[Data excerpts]

---*---

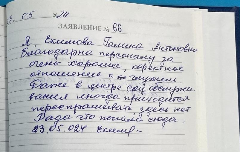 Я, Екимова Галина Анатольевна благодарна персоналу за очень хорошее ,корректное отношение к глухим. Даже в центре соц.обслуживания иногда приходится переспрашивать,здесь нет.Рада,что попала сюда.
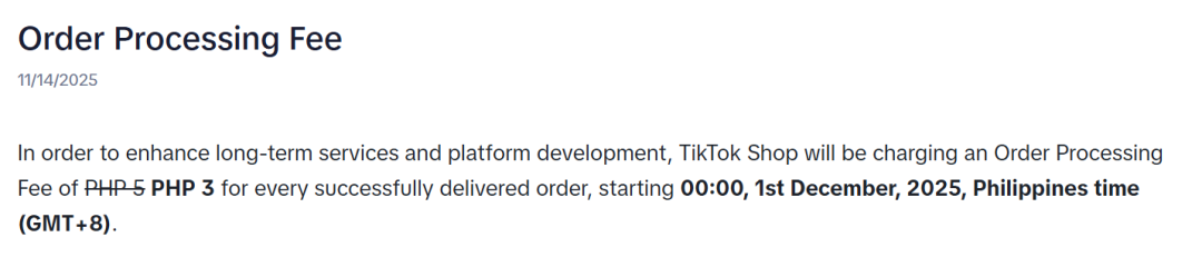 最先让卖家们感到窒息的,是菲律宾市场接二连三的费用新增。TikTok Shop菲律宾站将从 12 月 1 日起效仿 Shopee 和 Lazada,收取额外的 5 比索“订单处理费”。
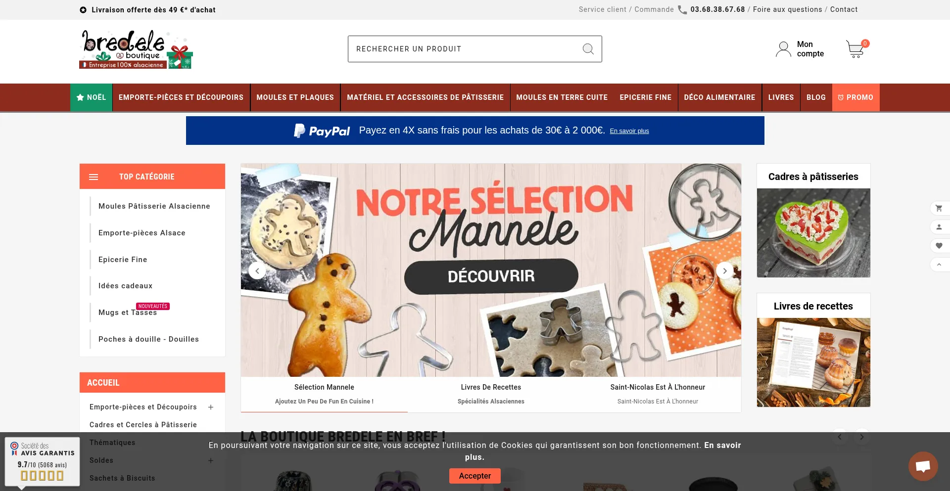 Boutique en ligne consacrée à la confection des Bredele d'Alsace. Plus de 800 modèles d'emporte-pièces, découpoirs, plaques et moules pour vos Bredele.
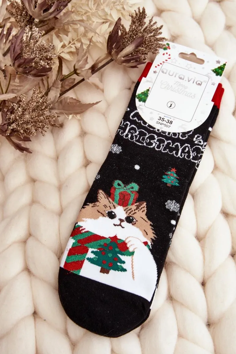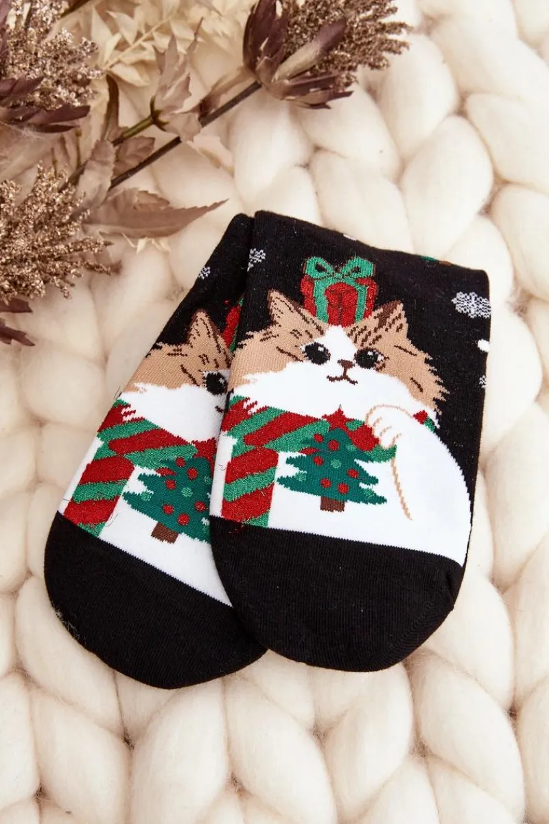 Skarpetki damskie ze świątecznymi wzorami. Wykonane głównie z wysokiej jakości bawełny. Idealne na zimowe dni! Co więcej, jeżeli szukasz pomysłu na prezent dla bliskiej osoby — nie czekaj dłużej — te skarpetki będą idealne!
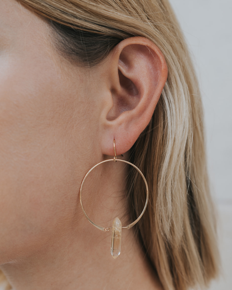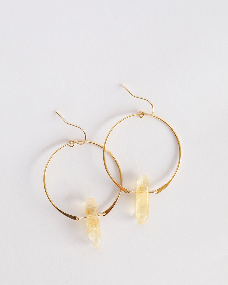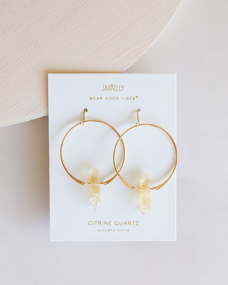 These double-pointed crystal earrings are handcrafted using a polished gemstone that is roughly 1" x 0.25" wide. Natural stones will vary in color and size.
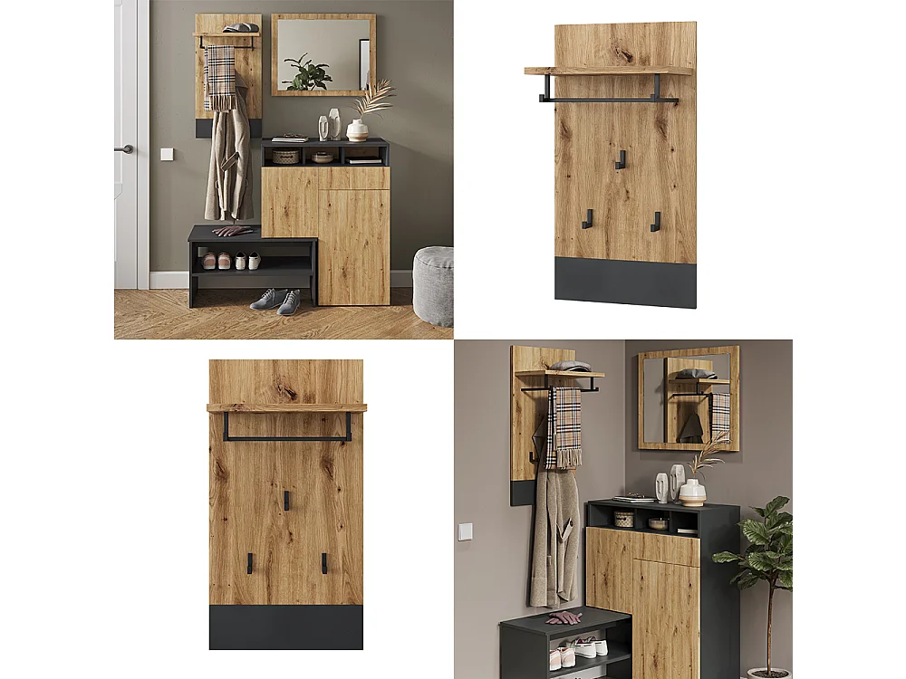 Perchero de pared antracita/roble dorado 60x1.6x15 orlando

---*---

## Task directions
Start with the line holding "Boutique en ligne" and repeat exactly every line through the final line of the records above, but no pictures and nothing more.

## The completed task
 Boutique en ligne consacrée à la confection des Bredele d'Alsace. Plus de 800 modèles d'emporte-pièces, découpoirs, plaques et moules pour vos Bredele.
 Skarpetki damskie ze świątecznymi wzorami. Wykonane głównie z wysokiej jakości bawełny. Idealne na zimowe dni! Co więcej, jeżeli szukasz pomysłu na prezent dla bliskiej osoby — nie czekaj dłużej — te skarpetki będą idealne!
 These double-pointed crystal earrings are handcrafted using a polished gemstone that is roughly 1" x 0.25" wide. Natural stones will vary in color and size.
 Perchero de pared antracita/roble dorado 60x1.6x15 orlando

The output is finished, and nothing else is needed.